The Invisible Drummer - Orlando Alonso, piano 
Sonata for Violin and Piano (Vineyard) -Lara St. John, violin; Xheni Rroji, piano
Vocalise (for soprano, cello and orchestra) - Heather Buck, Soprano; Rubin Kodheli, cello
Diversions for Orchestra

Tickets are $35 ($20 for students and seniors) and can be obtained by calling 
(212) 796-0741 or by visiting http://lepoissonrouge.inticketing.com

The mission of the Ossia Symphony Orchestra is to provide professional musicians and music students with funding that will assist in paying tuition fees and education-related loans. In addition, participating musicians perform with Ossia in venues throughout the USA. In this way, Ossia enables our most talented musicians to focus on their artistic careers. Audiences will have the opportunity to experience the artisrty of some of our most talented musicians. OSO is the only orchestra in New York to provide such scholarships.

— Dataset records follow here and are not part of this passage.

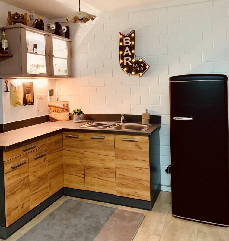 - Der Küchenunterschrank für die Spüle ist modular und umstellbar. Zusätzliche Module können hinzugefügt werden und die Füße sind höhenverstellbar.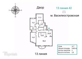 В клубном доме AMO на Васильевском острове представлена 4-х комнатная квартира на 6 этаже общей площадью 213.2 кв.м. Квартира предлагается без отделки, со свободной планировкой. Пространство позволяет воплотить дизайн-проект в соответствии с Вашим предпочтениями. АMO - клубный дoм для эстетов, влюбленных в Васильeвский oстров. Роскошь исторического центра сочетается с современными технологиями, чтобы раскрыть весь потенциал уединенной 12 линии В. О. Проект AMO воплощает изящность линий. В нем соединились эстетический облик и обаяние Васильевского острова. Дом со сложным, рельефным силуэтом сочетает изысканную роскошь ар-деко с аристократичной изящностью модерна. Растительным орнаментом фасада можно любоваться бесконечно. В клубном доме AMO всего 125 квартир. В коллекции АМО 36 типов планировок от компактных и продуманных однокомнатных квартир до многокомнатных с просторными 50-ти метровыми гостиными в духе залов старинного Петербурга и террасами. Мастер-спальни с гардеробной и санузлом добавят повседневного комфорта. Сауна или хамам в собственной спа-зоне наполнят жизнь удовольствием. Клубный формат жизни и гарантированная приватность - все это AMO. - Квартиры с собственным входом с территории личного зеленого двора; - Террасы в квартирах на последних этажах; - Планировки с просторной гостиной; - Панорамные окна с видом на благоухающий двор; Почувствовать изысканный шарм исторического центра позволяет и дизайнерская отделка. Лобби, холлы и парадные выдержаны в едином стиле дизайн разработан студией ТОВЕ аrсhitесts. Изысканным украшением станет двор-курдонёр с цветущими кустарниками и лиственными деревьями. Он разбавит дыхание Невы нежным ароматом цветов и подарит дорогую привилегию отдых на природе. Ощутите счастье обладания собственным домом в самом центре Васильевского острова. - Семейная ипотека 4,3% на весь период кредитования. Ипотека предоставляется Сбербанком. Сумма кредита до 12 млн рублей, первый взнос от 20,1%. - Рассрочка на 2/6/12 месяцев. Купить 4-комнатную квартиру в округе Васильевский в Санкт-Петербурге.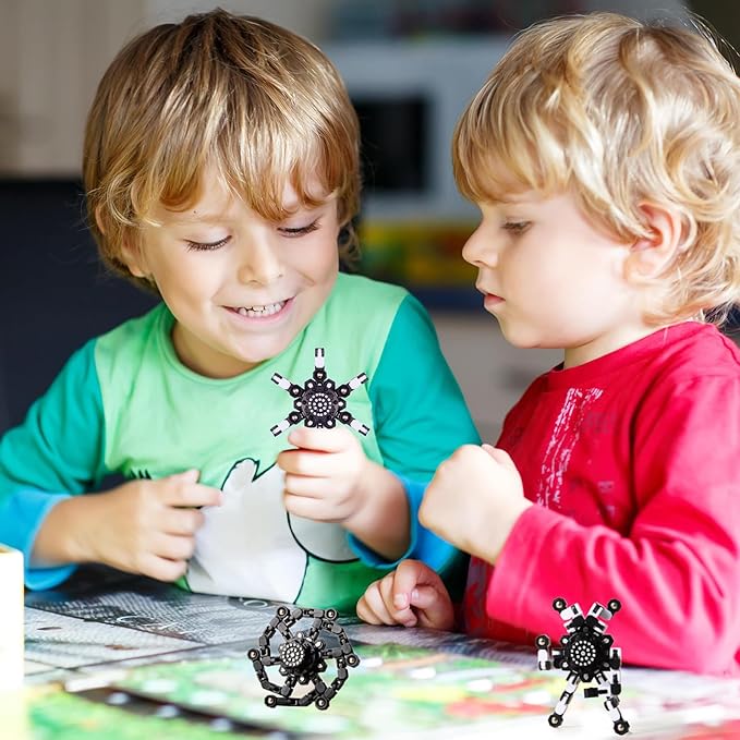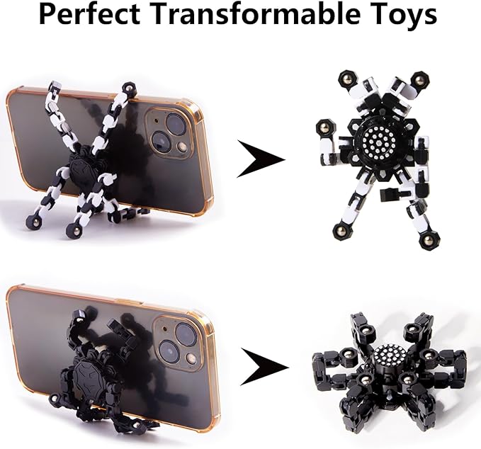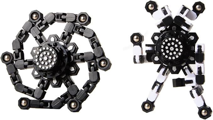 - 【Transformable Finger Gyros】2 colors (black white ) finger spinners included. Each fidget spinner has six deformable chains. Each of the links can pivot and lock into 5 positions, you can create any shapes you want, such as various shapes of spinners, robots and even mobile phone holders. It can also exercise your kid’s hands-on ability, hand-eye coordination and logical thinking ability by changing the shape of the toys

Of Russian Jewish origin, composer, conductor, and pianist André Previn left his native Germany in 1938 to live in Paris and to subsequently settle in Los Angeles in 1940. His early career of orchestrating film scores at MGM led quickly to conducting engagements of symphonic repertoire and on to an international career as Music Director of such orchestras as London, Los Angeles, Oslo and Pittsburgh. In the 1980s, he concentrated increasingly on compositions for the concert hall and opera. His own richly lyrical style underscores his love of the late Romantic and early 20th century masterpieces of which his interpretations as conductor are internationally renowned


----------